#### Problem requirements:
Copy out the full listing below as it stands, with its pictures left behind.

#### Data block:
————————

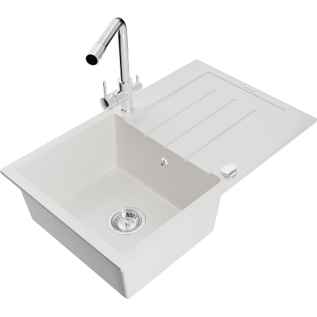 Mexen Bruno гранитна мивка с 1 камера и капак, с кухненска батерия Duero, бяла - 6513-20-671600-00
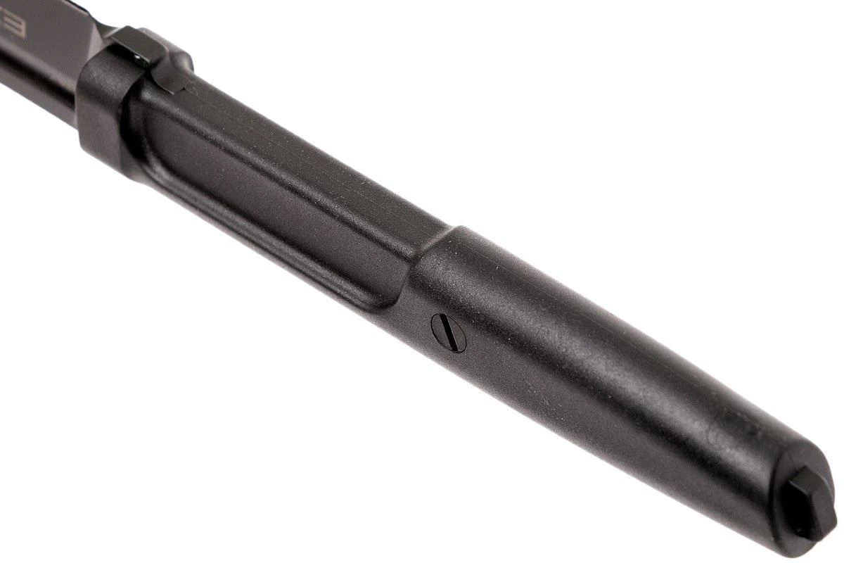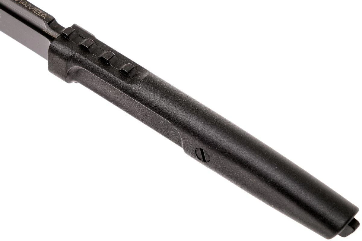 Le Extrema Ratio Mamba est un couteau fixe fin, avec une lame tanto caractéristique. Le Mamba tient son nom du serpent Mamba qui vit en Afrique. Son aspect fin est également comparable. Tous deux redoutables ! La lame est en acier inoxydable Böhler N690. Un type d’acier qui conserve très bien son tranchant tout en étant facile à aiguiser. La lame est de style tanto. Une forme pointue qui peut facilement percer. Les échancrures de chaque côté réduisent son poids et améliorent son équilibre. Le manche est en plastique Forprène durable. Confortable en main, même pour une utilisation intensive. La lame en pleine soie est visible à l’extrémité du manche.
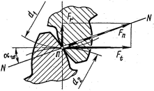 Вращение передаётся через зубчатое зацепление. Отказ или разрушение зубчатого колеса влечёт за собой прекращение передачи крутящего момента и отказ двигательных агрегатов. Наиболее загруженной частью зубчатого колеса является зуб. На рисунке 1 показана схема зацепления зубьев.

————————

#### Task answer:
 Mexen Bruno гранитна мивка с 1 камера и капак, с кухненска батерия Duero, бяла - 6513-20-671600-00
 Le Extrema Ratio Mamba est un couteau fixe fin, avec une lame tanto caractéristique. Le Mamba tient son nom du serpent Mamba qui vit en Afrique. Son aspect fin est également comparable. Tous deux redoutables ! La lame est en acier inoxydable Böhler N690. Un type d’acier qui conserve très bien son tranchant tout en étant facile à aiguiser. La lame est de style tanto. Une forme pointue qui peut facilement percer. Les échancrures de chaque côté réduisent son poids et améliorent son équilibre. Le manche est en plastique Forprène durable. Confortable en main, même pour une utilisation intensive. La lame en pleine soie est visible à l’extrémité du manche.
 Вращение передаётся через зубчатое зацепление. Отказ или разрушение зубчатого колеса влечёт за собой прекращение передачи крутящего момента и отказ двигательных агрегатов. Наиболее загруженной частью зубчатого колеса является зуб. На рисунке 1 показана схема зацепления зубьев.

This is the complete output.